Date: 2009-12-21 05:17 pm (UTC)
From: [identity profile] northbard.livejournal.com
Their all just kidding you. Don't worry...

Date: 2009-12-21 06:27 pm (UTC)
From: [identity profile] mistersmearcase.livejournal.com
I had this weird thought for a minute the other day that written language might be on its way out. I mean you'd think not, because texting and IMing are a big thing, but...I wonder in a hundred years if most things won't be voice-based and written language will be only used for a few things.

It's weird how things like your/you're eliminate our (or at least my) anti-prescriptivist populist whatever. It bugs me, and then I think about it and think "it's still clear what is meant, and it's almost universal, so maybe my objections are based in some kind of meaningless, codified elitism" and...it still bugs me.

Date: 2009-12-21 10:30 pm (UTC)
From: [identity profile] frandroid.livejournal.com
I was wondering about the same thing, but really it's all about being a utopian person, searching for order and justice*, where things happen for a reason, have a meaning and depth.

Date: 2009-12-21 10:49 pm (UTC)
From: [identity profile] pofflewomp.livejournal.com
Or it could be just frustration that people can't manage something so obvious and simple, and fear that they might be incapable of grasping more important and subtle things in life if they can't master such basics.

Date: 2009-12-22 03:56 am (UTC)
From: [identity profile] mistersmearcase.livejournal.com
Good point, but I'm not entirely comfortable with the idea that rule-following is a quality I prize so highly.

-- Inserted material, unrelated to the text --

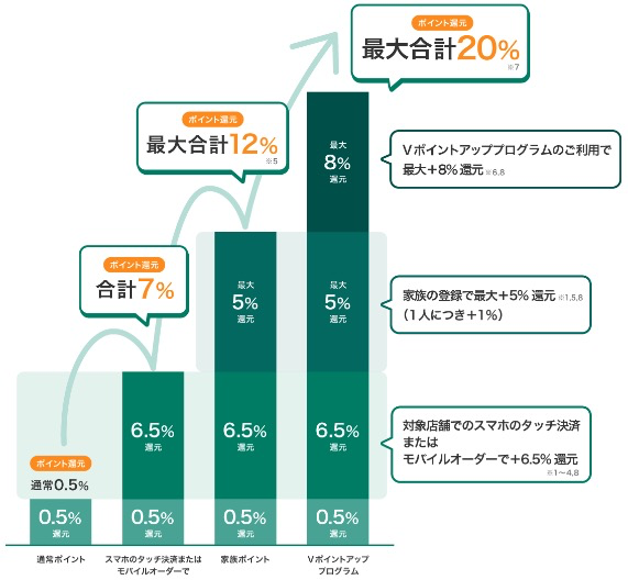 これだけでも十分にお得なのに、「Vポイントアッププログラム」というサービスがあり、三井住友Olive フレキシブルペイのクレジットカード機能として利用した場合、通常時のポイント還元率は0.5%と少し物足りないですが、この「Vポイントアッププログラム」を最大限利用すると、なんと最大20%までポイント還元率を上げることができます。

Date: 2009-12-22 12:36 pm (UTC)
From: [identity profile] pofflewomp.livejournal.com
Yes, I empathise! Exactly the same worry has kept me awake at nights too, well, almost! I don't like to be a rule-follower or rule-stickler, but I am very pro-spelling and grammar rules! Why oh why?
I have always been a pedant as far as spelling and grammar are concerned, although I have to give pedantry up now as with decline in brain my spelling and grammar are going all wobbly like.

I am very against the idea of changing standard spelling to look like how things sound, though. It makes no sense, as different accents make words sound different, and also it takes away the history of the word that is often shown in its spelling.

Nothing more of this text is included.